## Your assignment
Copy each of the entries below faithfully, setting aside any pictures.

★ ★ ★ ★

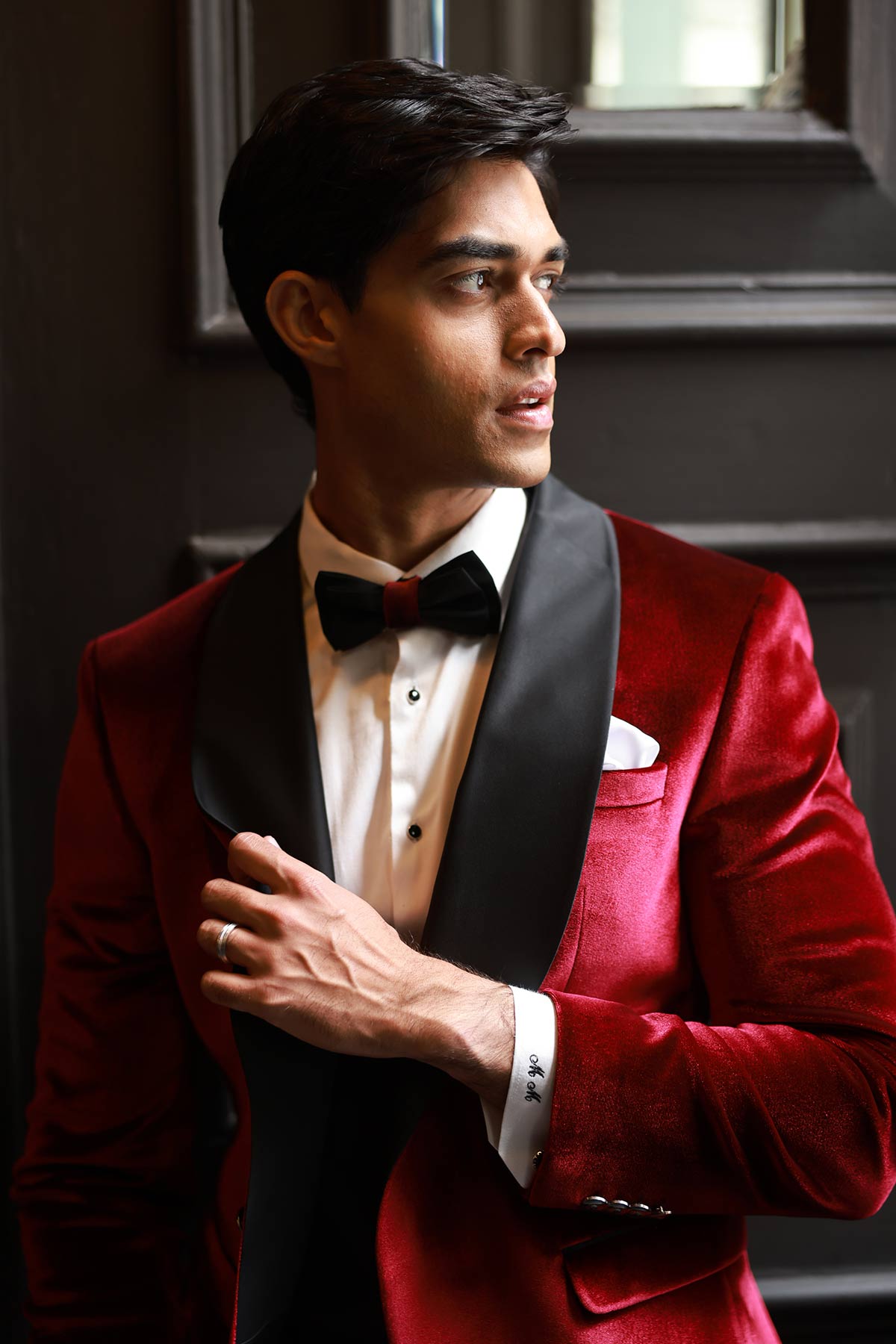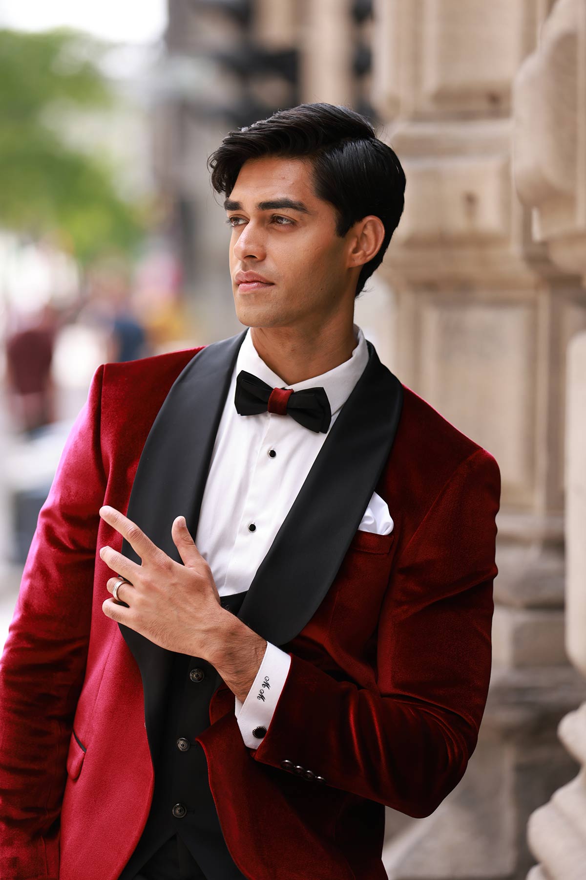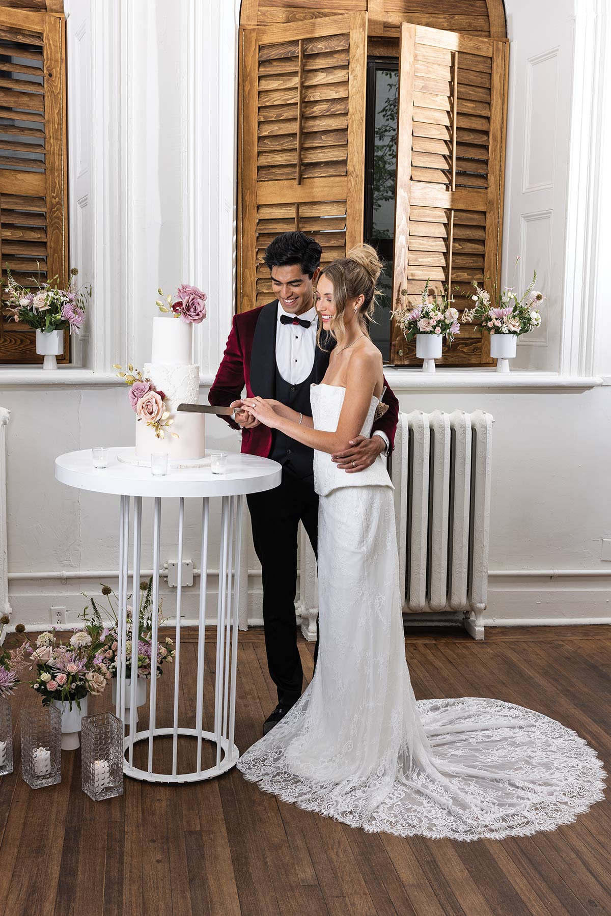 The bride stuns in a delicate lace gown with clean lines, while the groom makes a bold yet chic statement in a blush pink tuxedo jacket—proof that modern couples aren’t afraid to add personality to tradition.
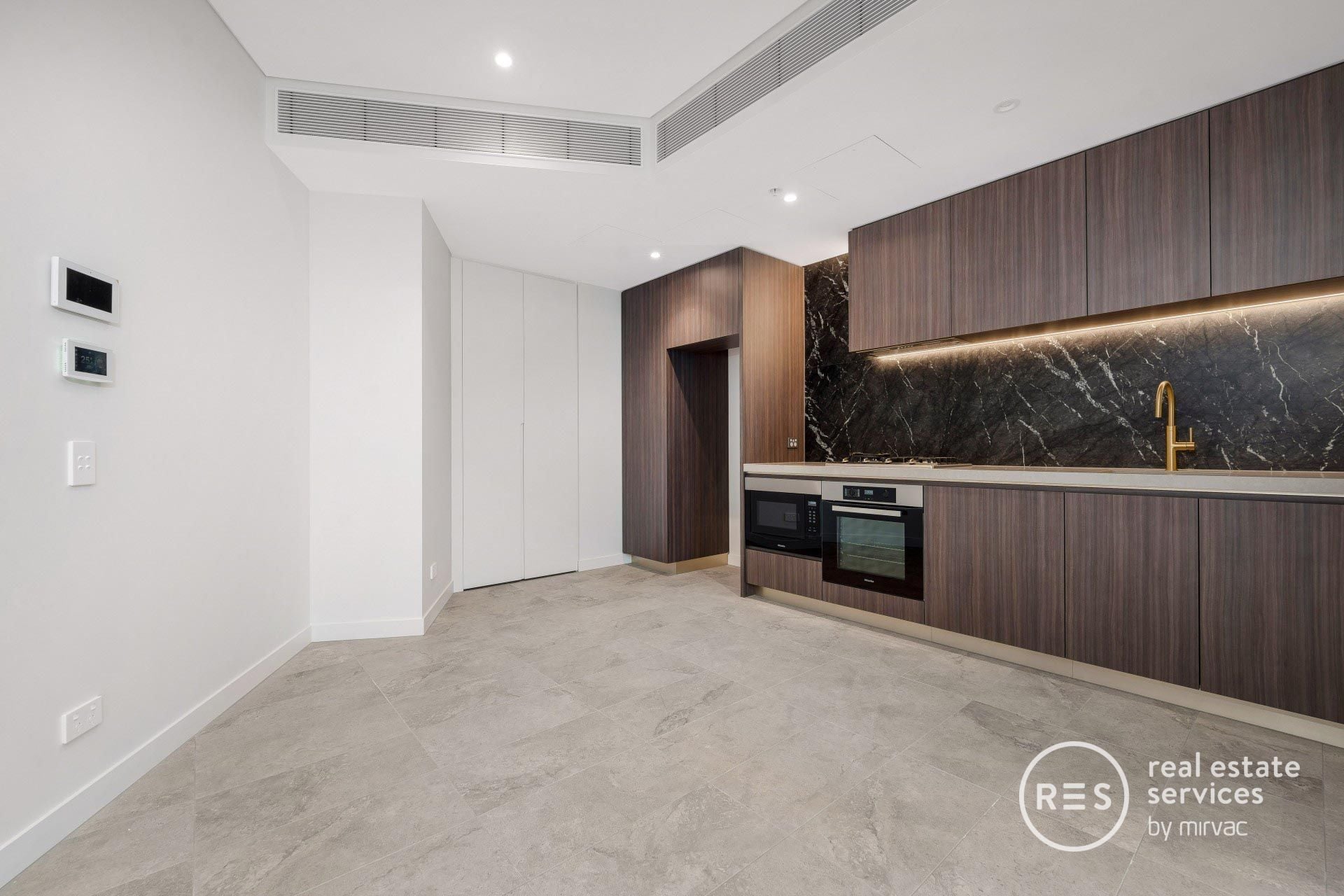 - Sleek kitchen with stone benchtops and integrated appliances
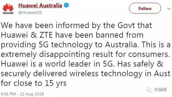 在推特上,华为澳大利亚公司当时的一份简短声明这样说:
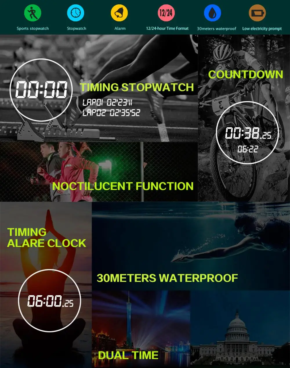 Feature:Moon Phase,Back Light,Alarm,Water Resistant,Multiple Time Zone,Chronograph,Shock Resistant,Repeater,Stop Watch,Complete Calendar,Swim,Auto Date,LED display
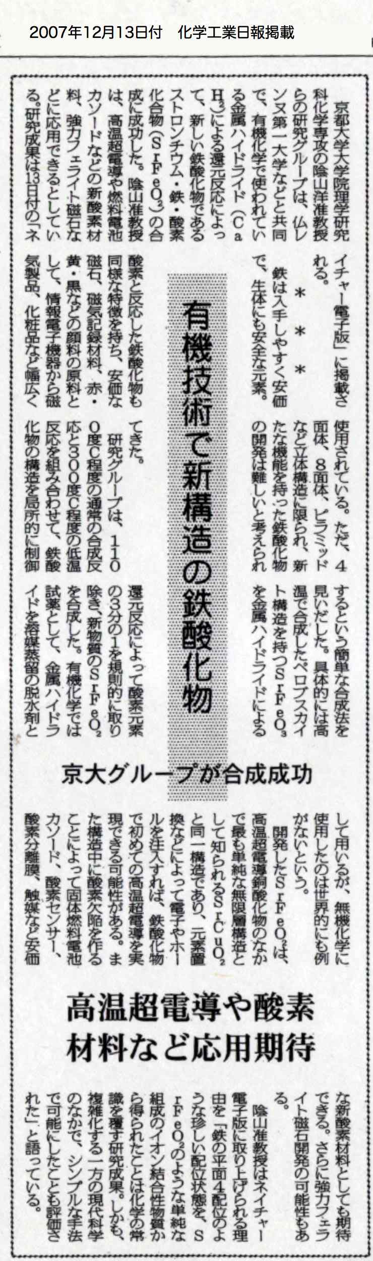 - 化学工業日報 (2007年12月13日、1面)
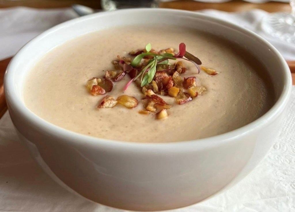 Elio Cucina Especiale, restaurante Cibo ( no hotel Quebra Noz) e Esquina do Djalma são algumas das casas participantes do festival. Fomos conferir os menus especiais do festival. No Elio Cucina são oferecidos uma entrada, um prato principal e uma sobremesa no festival: Caldo de pinhão com linguiça defumada e couve manteiga, Truta tropical – Filé de truta grelhado com crosta de ervas e pinhão acompanhado de purê de banana, e Paçoca de pinhão para sobremesa – Pinhão triturado e assado com açúcar e canela. No Cibo, o destaque é o Creme de Pinhão do Jordão – creme com pinhão e queijos da Serra da Mantiqueira. Já no Esquina do Djalma, a criação para o festival é a mousse de nutella com praliné de pinhão e pipoca de arroz selvagem.
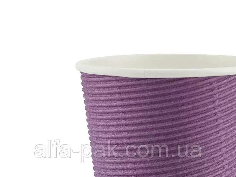 Стакан белый гофрированный лаванда 180 мл F-волна горизонтальная
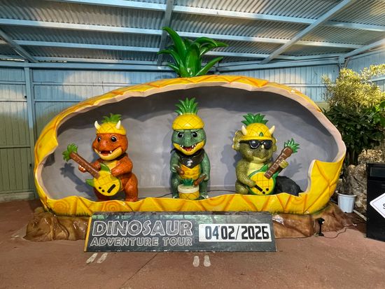 入り口でお出迎えするポップなキャラクターパイマルとパピコの巨大な人形も見ものです。園内では、自動運転のカート「パイナップル号」に乗り、パイン畑を巡る約10分のツアーにもご参加いただけます。
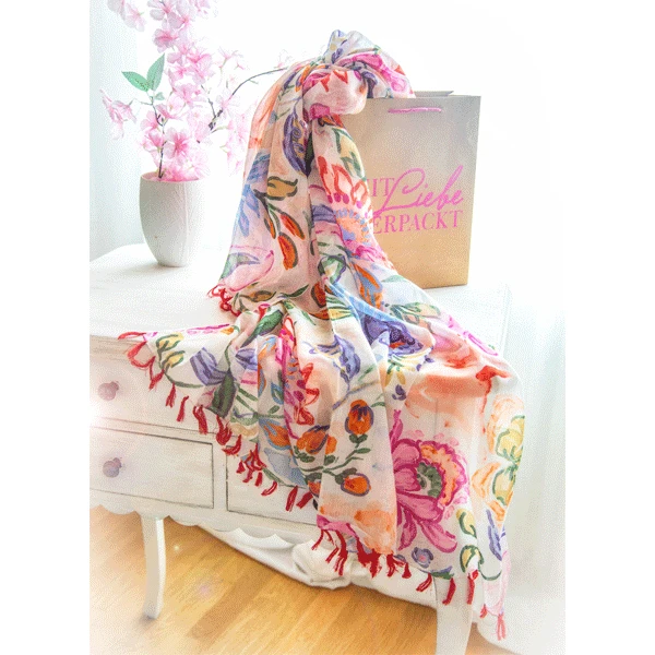 Auf einem hellen, fast wie vom Sonnenlicht durchwirkten Grund blüht »Samantha« in voller Farbenpracht – zarte, florale Muster tanzen wie ein Sommergarten im Wind. Der federleichte Stoff umhüllt dich wie ein sanftes Versprechen warmer Tage, während kleine Tasseln an den Enden spielerische Akzente setzen. Ob als luftiger Schal, Pareo oder zarter Begleiter am Meer – der Schal ist mehr als ein Accessoire: ein Hauch von Sommer, der bleibt.
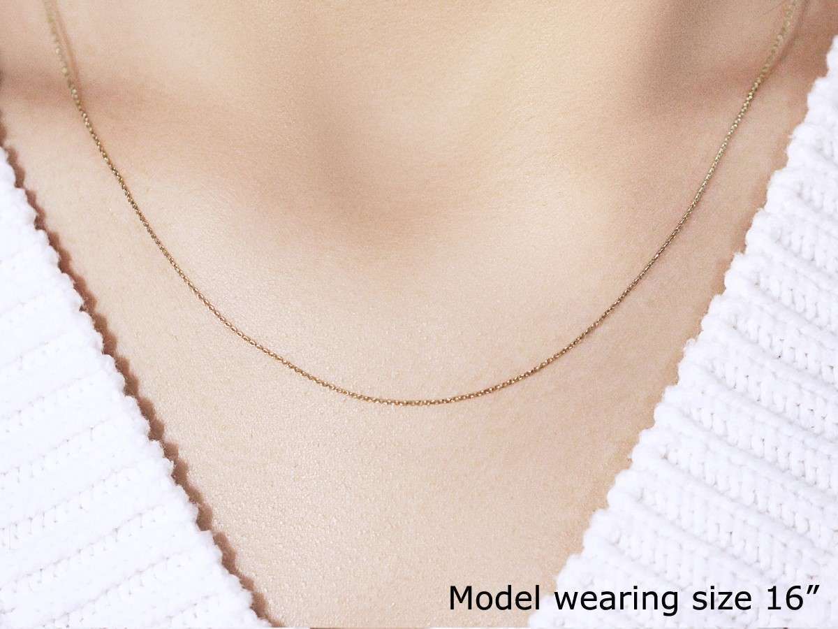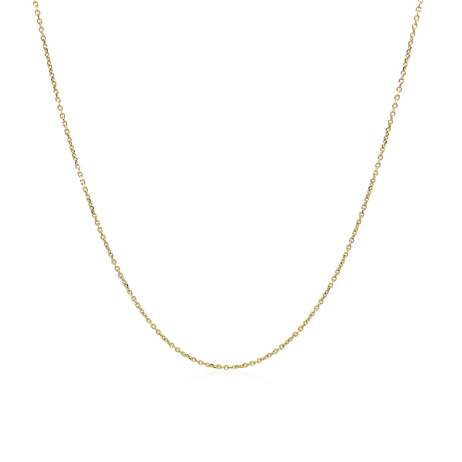 This cable link chain comes in 14k yellow gold and has a width of 0.50 millimeters.
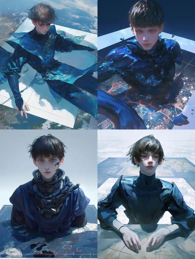 Midjourney Bot 更新时间:2024-11-22 00:00A short-haired man, dressed in a blue-black outfit, his upper body on a square map, and his lower body in an empty void. He has a blank expression, a fantastical space, a handsome man, irregular bangs, perfect details, ultra-high quality, ultra-high resolution, high precision, a masterpiece, 32k. --niji 6 --ar 3:4 --no B beard
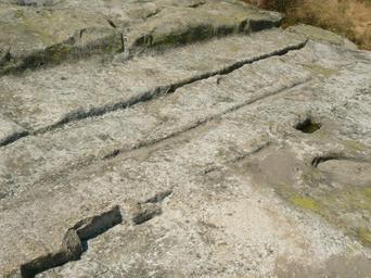 Keywords: Belintash-stonecuts-2.JPG Успо едните п о ези на итуалната площадка на платото на Белинташ Родопите Бълга ия The parallel stone-cuts on the ritual platform on the plateau of Belintash Rhodope mountain Bulgaria Own 2007-08-11 Vassia Atanassova - Spiritia Public domain content created by the uploader Belintash
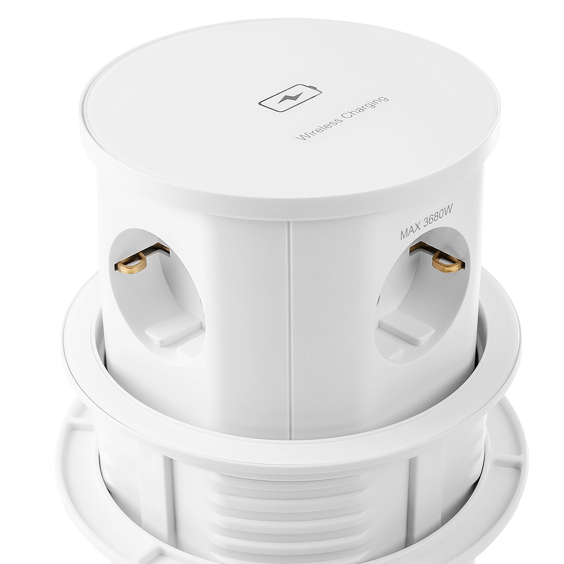 • Eleganter runder Mediaport für die Montage auf der Arbeitsplatte, gepresst. Es verfügt über 3 Steckdosen und ein duales induktives und USB-Ladegerät (USB+A + USB-C), um mindestens Ihr Smartphone aufzuladen. Kabellänge 1,7 m. In weiß.

★ ★ ★ ★

## Result below
 The bride stuns in a delicate lace gown with clean lines, while the groom makes a bold yet chic statement in a blush pink tuxedo jacket—proof that modern couples aren’t afraid to add personality to tradition.
 - Sleek kitchen with stone benchtops and integrated appliances
 在推特上,华为澳大利亚公司当时的一份简短声明这样说:
 Feature:Moon Phase,Back Light,Alarm,Water Resistant,Multiple Time Zone,Chronograph,Shock Resistant,Repeater,Stop Watch,Complete Calendar,Swim,Auto Date,LED display
 - 化学工業日報 (2007年12月13日、1面)
 Elio Cucina Especiale, restaurante Cibo ( no hotel Quebra Noz) e Esquina do Djalma são algumas das casas participantes do festival. Fomos conferir os menus especiais do festival. No Elio Cucina são oferecidos uma entrada, um prato principal e uma sobremesa no festival: Caldo de pinhão com linguiça defumada e couve manteiga, Truta tropical – Filé de truta grelhado com crosta de ervas e pinhão acompanhado de purê de banana, e Paçoca de pinhão para sobremesa – Pinhão triturado e assado com açúcar e canela. No Cibo, o destaque é o Creme de Pinhão do Jordão – creme com pinhão e queijos da Serra da Mantiqueira. Já no Esquina do Djalma, a criação para o festival é a mousse de nutella com praliné de pinhão e pipoca de arroz selvagem.
 Стакан белый гофрированный лаванда 180 мл F-волна горизонтальная
 入り口でお出迎えするポップなキャラクターパイマルとパピコの巨大な人形も見ものです。園内では、自動運転のカート「パイナップル号」に乗り、パイン畑を巡る約10分のツアーにもご参加いただけます。
 Auf einem hellen, fast wie vom Sonnenlicht durchwirkten Grund blüht »Samantha« in voller Farbenpracht – zarte, florale Muster tanzen wie ein Sommergarten im Wind. Der federleichte Stoff umhüllt dich wie ein sanftes Versprechen warmer Tage, während kleine Tasseln an den Enden spielerische Akzente setzen. Ob als luftiger Schal, Pareo oder zarter Begleiter am Meer – der Schal ist mehr als ein Accessoire: ein Hauch von Sommer, der bleibt.
 This cable link chain comes in 14k yellow gold and has a width of 0.50 millimeters.
 Midjourney Bot 更新时间:2024-11-22 00:00A short-haired man, dressed in a blue-black outfit, his upper body on a square map, and his lower body in an empty void. He has a blank expression, a fantastical space, a handsome man, irregular bangs, perfect details, ultra-high quality, ultra-high resolution, high precision, a masterpiece, 32k. --niji 6 --ar 3:4 --no B beard
 Keywords: Belintash-stonecuts-2.JPG Успо едните п о ези на итуалната площадка на платото на Белинташ Родопите Бълга ия The parallel stone-cuts on the ritual platform on the plateau of Belintash Rhodope mountain Bulgaria Own 2007-08-11 Vassia Atanassova - Spiritia Public domain content created by the uploader Belintash
 • Eleganter runder Mediaport für die Montage auf der Arbeitsplatte, gepresst. Es verfügt über 3 Steckdosen und ein duales induktives und USB-Ladegerät (USB+A + USB-C), um mindestens Ihr Smartphone aufzuladen. Kabellänge 1,7 m. In weiß.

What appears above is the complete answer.